Given that the corporate documents were not linked directly to Foresight, there is no reason they should be concerned with ‘complex systems’. Yet the

complexity discourse was adopted by different stakeholders to serve different purposes. When used in the industry reports, the food system-health

complexity discourse served to deflect responsibility from the authors of the reports, or certainly to obfuscate where it lies; also to deflect from diet onto other behaviours, such as physical activity. The Tesco report did not use the actual word ‘complex’ at all; the PepsiCo health report mentioned it once, to say:

The public health debate and particularly the role of food and drink businesses in improving public health is complex and wide-ranging.

(PHU p13).

The FDF document mentioned complexity, both in its introduction and in two of the case studies, e.g. Coca Cola’s view:

Public health challenges like obesity are so complex that all of us – individuals, communities, businesses and Government – must work together. Coca Cola case study (FDF p10)

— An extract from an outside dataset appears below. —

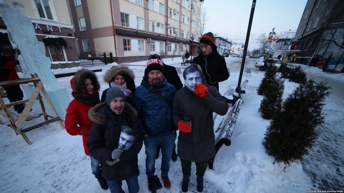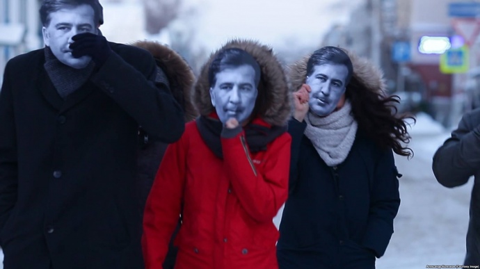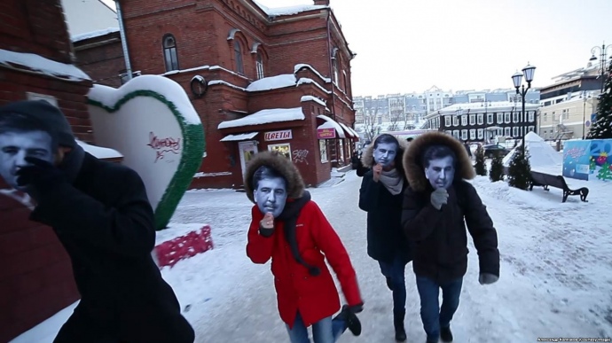 В российском городе Томск несколько активистов в ответ на слова президента РФ Владимира Путина об экс-президенте Грузии Михеиле Саакашвили устроили перформанс в масках последнего.

While such references to complexity were reasonable, their use here implicitly depreciated the relative responsibility of these food companies in the problem of diet-related ill-health by dispersing it, and in effect excused in advance

inaction or any failure of initiatives purported to improve the population’s diet.

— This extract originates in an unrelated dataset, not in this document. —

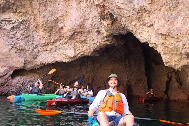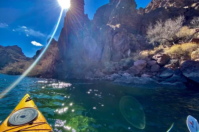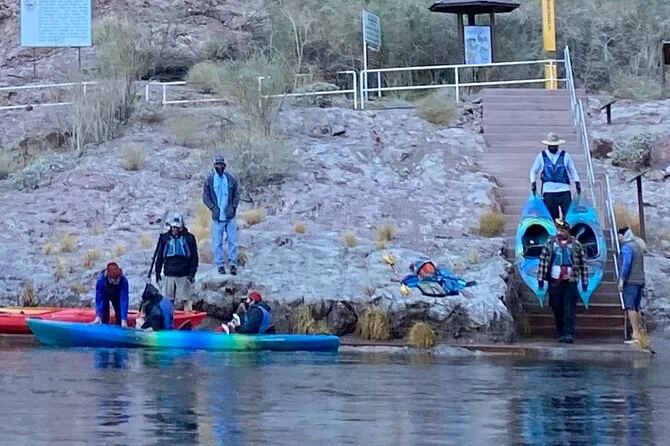 Dein Morgen startet mit optionaler Abholung vom Las Vegas Strip, inklusive kompletter Kayak-Ausrüstung und Sicherheitsausrüstung, Wasserflaschen und Snacks am Fluss sowie Eintrittsgeldern bei Nutzung des Transports – du brauchst nur Sonnencreme und eventuell trockene Kleidung für nach dem Schwimmen am Willow Beach.

The complexity discourse thereby obliquely contributes to a discourse that puts responsibility onto individuals.

‘Complexity’ was also raised while referring to physical activity initiatives – as in the PepsiCo report and the Coca Cola entry in the FDF document: “Coca-Cola also knows that calorie intake is just part of the equation.” (FDF p10), which deflects attention away from their own products’ role in diet-related health issues, and onto the need for members of the public to take responsibility by being active, an increasingly common practice (Herrick 2009).

4.2.1 Complex or simple?

The descriptions above of “public health” or “the nation’s health” as complex encompass a starkly contradictory discourse to the one in which the diet-obesity/health connection was portrayed as quite simple – one of ‘energy imbalance’, a matter of people eating too much and exercising too little (e.g.

HWHL pvii, HLA p19, PepsiCo p3). Echoing the “eat less move more” motto of Change4Life, this simplicity belied the degree to which personal food choices are influenced by environmental, economic and other structural factors i.e. that diet-related health outcomes are emergent properties of the current food system, over which the general public holds little power. Yet hidden within the calorie imbalance shorthand is “a phenomenon so complex, embedded in culture and economics, and intertwined with conflicts between individual

freedom and societal health that solutions are difficult to envision” (Allen 2012).

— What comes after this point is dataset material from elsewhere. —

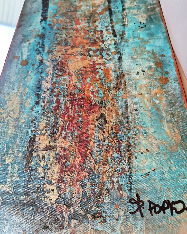 Popko focuses on transferring energy through art to bring positivity and light with vibrant, abstract, acrylic paintings.
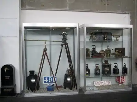 Прежде, чем попасть к локомотивам, мы проходим через относительно небольшое помещение, где расположены витрины с железнодорожными устройствами и артефактами.

Although each government acknowledged the complexity of the task facing the population, and the role of the environment in health behaviours, they

continued to refer to energy imbalance (e.g. HLA pp 4, 5, 8, 18, 19, 41). This was not only a reductionist discourse for a public health document but also framed it as a matter for individual responsibility by obscuring the complexity of the contextual antecedents of the energy imbalance. The way the complexity

discourse is constructed resonates with Foucault’s concept of governmentality in that it diffuses power and responsibility throughout the food system, and

“locates regulatory activities at all levels of social institutions” including the self (Lupton 1995; p9).

‘Complexity’ is used not only to deflect attention and responsibility from government and corporations but it also ultimately problematises the discourse of responsibility in the food system. Within this discourse it is possible to

identify key actors and their subject positions that are discursively constructed with expediency throughout the documents and that are each allocated some responsibility: members of the public, the food industry and government. These positions “provide [us] with a way of making sense of [our]selves, [our] motives, experiences and reactions.” (Wetherell 2001). The construction of the

individual’s role in the food system, as portrayed in the documents analysed, is examined in the next section.